--- Data extracts Enclosed Below ---
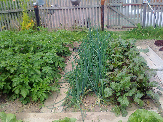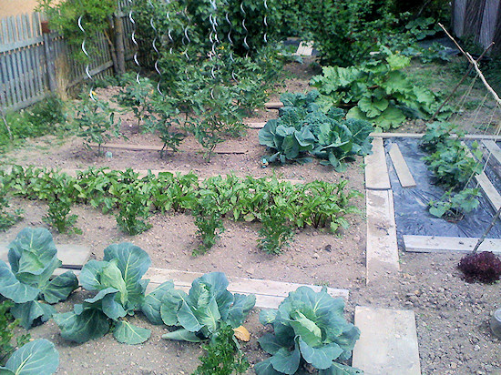 Unser Pflanzgarten 2014. Einfache Bretter dienen als provisorische Wege und Beeteinfassungen.
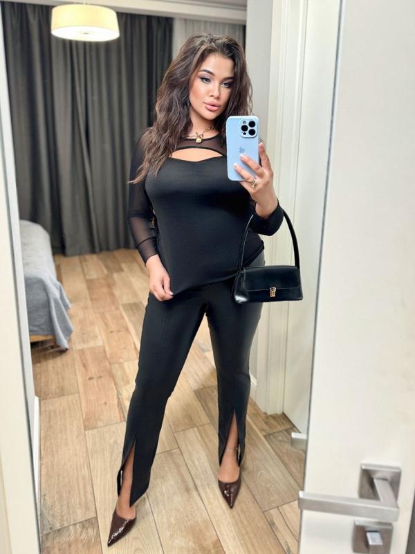 Стильний лонгслів з улюбленим декольте Модель 1114 ✅ Тканина :мікродайвінг + ніжна сіточка ✅ Розміри 48-50 52-54 56-58 ✅ Кольори: чорний Заміри 1114 Довжина 62 см Ог рекомендуємо : 48-50 до 110 см 52-54 до 120 см 56-58 до 130 см
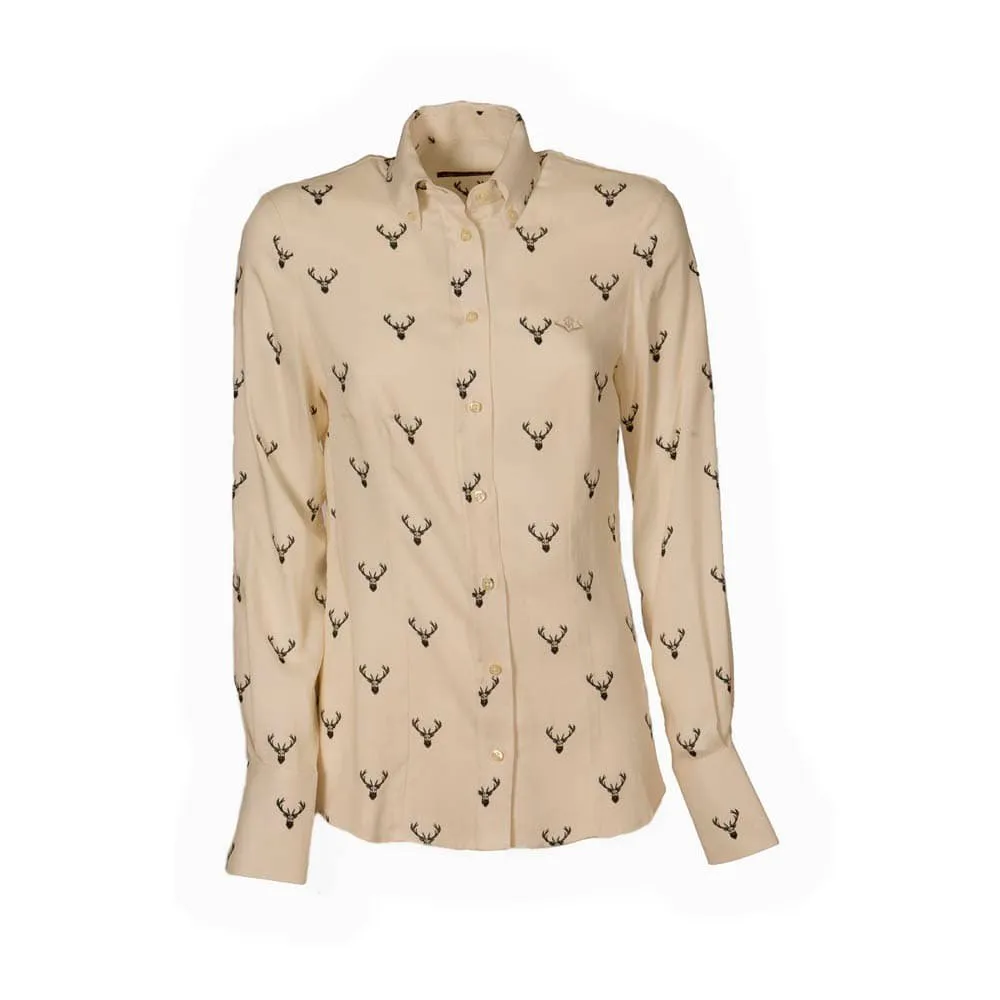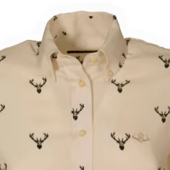 Light fabric, button neck, front -embroidered logo, two buttons in fists.
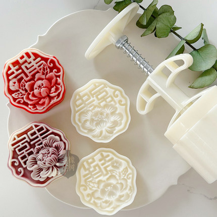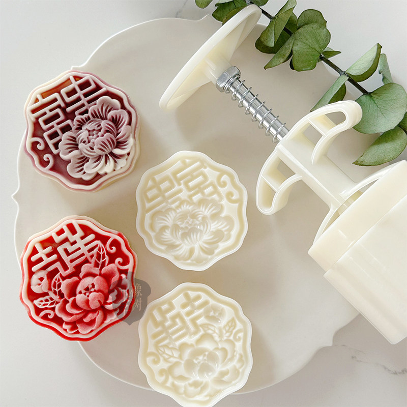 中式花卉国花牡丹鲜花饼diy工具75g富贵吉祥国潮中秋节月饼模具
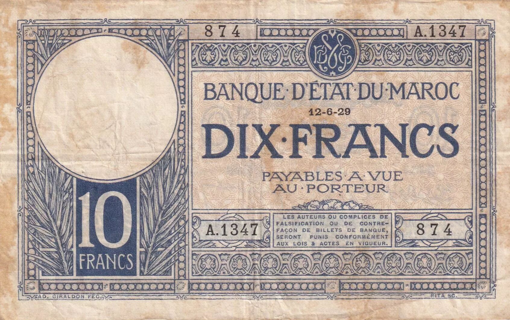 Accueil > Archivage > Maroc 10 Francs - 12-06-1929 - Série A.1347
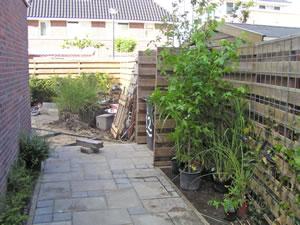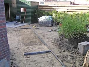 Er komt steeds meer plaveisel in de tuin. Hier is het pad door de tuin aan het ontstaan. Eerts de stoeprandjes en daarna de steentjes ertussen. |
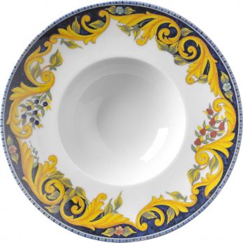 Der 27,5 cm große Pastateller der Serie Sicilia ist aus hochwertigem, glasiertem Porzellan gefertigt und besticht durch sein klassisches und zeitloses Design. Die schlichte Formgebung in Kombination mit der klaren Oberfläche wirkt elegant und lässt sich vielseitig mit anderem Geschirr kombinieren. Dadurch eignet er sich sowohl für die professionelle Gastronomie als auch für den täglichen Gebrauch. Der Teller ist spülmaschinen- und mikrowellengeeignet und somit eine praktische Wahl für den täglichen Gebrauch.
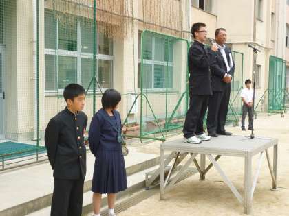 10月18日、本日は5限目に前期終業式が行われました。まず最初に、校内読書感想文コンクールの奨励賞9名、優秀賞3名が表彰されました。続いて、浅田校長先生からは、前期をしっかり振り返るとともに生徒の皆さんに言い続けてきた「常に考える」「失敗を恐れずチャレンジする勇気を持つ」ことの大切さの話がありました。また、最後には3年生の生徒会役員の任期が終了するので、坂井会長、平井副会長、西村副会長から最後のメッセージが全校生徒に贈られました。3名のメッセージのキーワードです。「一つ一つの行動には意味がある」「一つの言葉にも優しさがある」「人は誰かのためにがんばれる」
--- End of Enclosed Data extracts ---
» Exercise: Reproduce all the entries that precede this task, word for word, minus any pictures.

» Solution to this task:
 Unser Pflanzgarten 2014. Einfache Bretter dienen als provisorische Wege und Beeteinfassungen.
 Стильний лонгслів з улюбленим декольте Модель 1114 ✅ Тканина :мікродайвінг + ніжна сіточка ✅ Розміри 48-50 52-54 56-58 ✅ Кольори: чорний Заміри 1114 Довжина 62 см Ог рекомендуємо : 48-50 до 110 см 52-54 до 120 см 56-58 до 130 см
 Light fabric, button neck, front -embroidered logo, two buttons in fists.
 中式花卉国花牡丹鲜花饼diy工具75g富贵吉祥国潮中秋节月饼模具
 Accueil > Archivage > Maroc 10 Francs - 12-06-1929 - Série A.1347
 Er komt steeds meer plaveisel in de tuin. Hier is het pad door de tuin aan het ontstaan. Eerts de stoeprandjes en daarna de steentjes ertussen. |
 Der 27,5 cm große Pastateller der Serie Sicilia ist aus hochwertigem, glasiertem Porzellan gefertigt und besticht durch sein klassisches und zeitloses Design. Die schlichte Formgebung in Kombination mit der klaren Oberfläche wirkt elegant und lässt sich vielseitig mit anderem Geschirr kombinieren. Dadurch eignet er sich sowohl für die professionelle Gastronomie als auch für den täglichen Gebrauch. Der Teller ist spülmaschinen- und mikrowellengeeignet und somit eine praktische Wahl für den täglichen Gebrauch.
 10月18日、本日は5限目に前期終業式が行われました。まず最初に、校内読書感想文コンクールの奨励賞9名、優秀賞3名が表彰されました。続いて、浅田校長先生からは、前期をしっかり振り返るとともに生徒の皆さんに言い続けてきた「常に考える」「失敗を恐れずチャレンジする勇気を持つ」ことの大切さの話がありました。また、最後には3年生の生徒会役員の任期が終了するので、坂井会長、平井副会長、西村副会長から最後のメッセージが全校生徒に贈られました。3名のメッセージのキーワードです。「一つ一つの行動には意味がある」「一つの言葉にも優しさがある」「人は誰かのためにがんばれる」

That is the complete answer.